I am interested in the future of MathMap, but don't have a lot of
bandwidth available. A common story!
On Fri, May 13, 2011 at 04:18:21AM -0700, schani wrote:
> I apologize for not having been very responsive the past few months
> and for not having pushed MathMap forward. The truth is, I have
> been busy with lots of other stuff and have grown a bit weary of
> MathMap. Several factors contribute to this:
>
> * The difficulty and time intensity of building releases. Doing the
> major Linux distributions is hard enough as it is, though the burden
> is lessened a lot by the OpenSUSE build system, but Windows and
> MacOS are huge time wasters and the work is not very interesting.
>
> * Having to do almost all of it myself. I am sure I am mostly to
> blame for this myself, not being very proactive in seeking
> contributors.
>
> * Even then, people still struggle just getting it to run,
> suggesting that I'm very bad at packaging, documenting and/or not
> putting enough time into it.
Yes, it really needs to work with GNU autoconf and not the current
tarball full of hacks and assumptions. Also, whenever I have dug into
the code, I have concluded that only you can understand it well enough
to update it.
As you know, I do weird things with MathMap, so my interests lie in a
distributed version of MathMap that I can run on (for example) a
Hadoop cluster. My current solution is a shell script which lets me
run 1 instance of MathMap per animation frame. I am satisfied with
that.
I think MathMap needs to be split into "libmathmap" which encapsulates
the various ways that expressions are executed (interpreter, gcc,
LLVM, etc.) and then various frontend clients (CLI, GIMP, MacOSX,
Chrome).
I like the idea of making MathMap more accessible, though I don't need
it. I am wondering what use cases you see for the Chrome client.
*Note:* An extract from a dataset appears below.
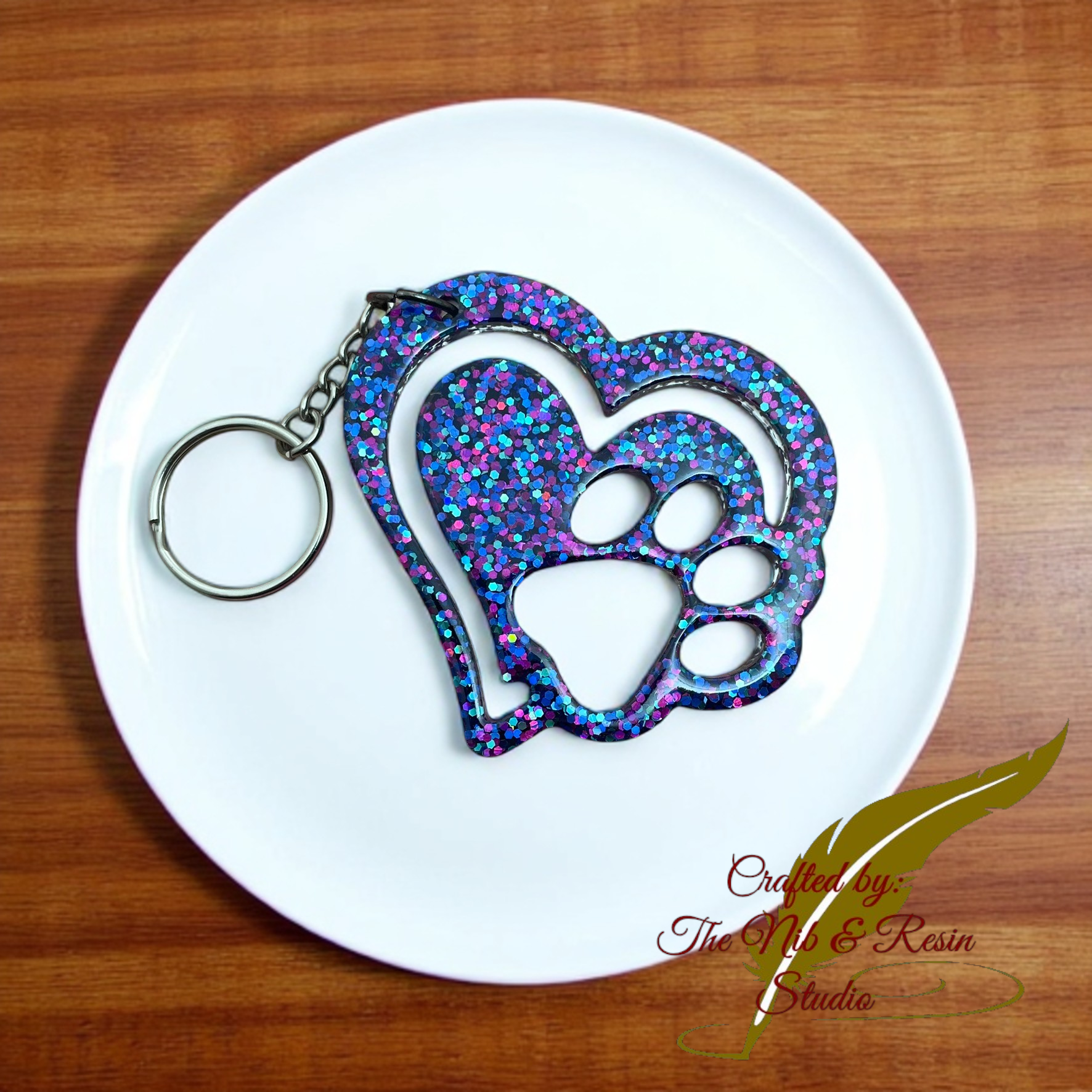 Celebrate your love for furry friends with this handmade resin keychain, featuring a sweet heart shape with a paw print cut-out. Filled with a magical mix of "purple, pink, & blue glitter blend", this keychain sparkles with personality and pet-loving charm.

Would it just be for playing around? Would people embed MathMap
animations in their web pages? Could I apply MathMap expressions to an
image and upload the result directly as a JPEG.
I guess an auto-Droste-Effect webpage would be pretty cool. :)
Cheers,
Tom
--
-- Tom Rathborne ------------------------------------- Ad-hoc Research Robot --
When they tell you to grow up, they mean stop growing.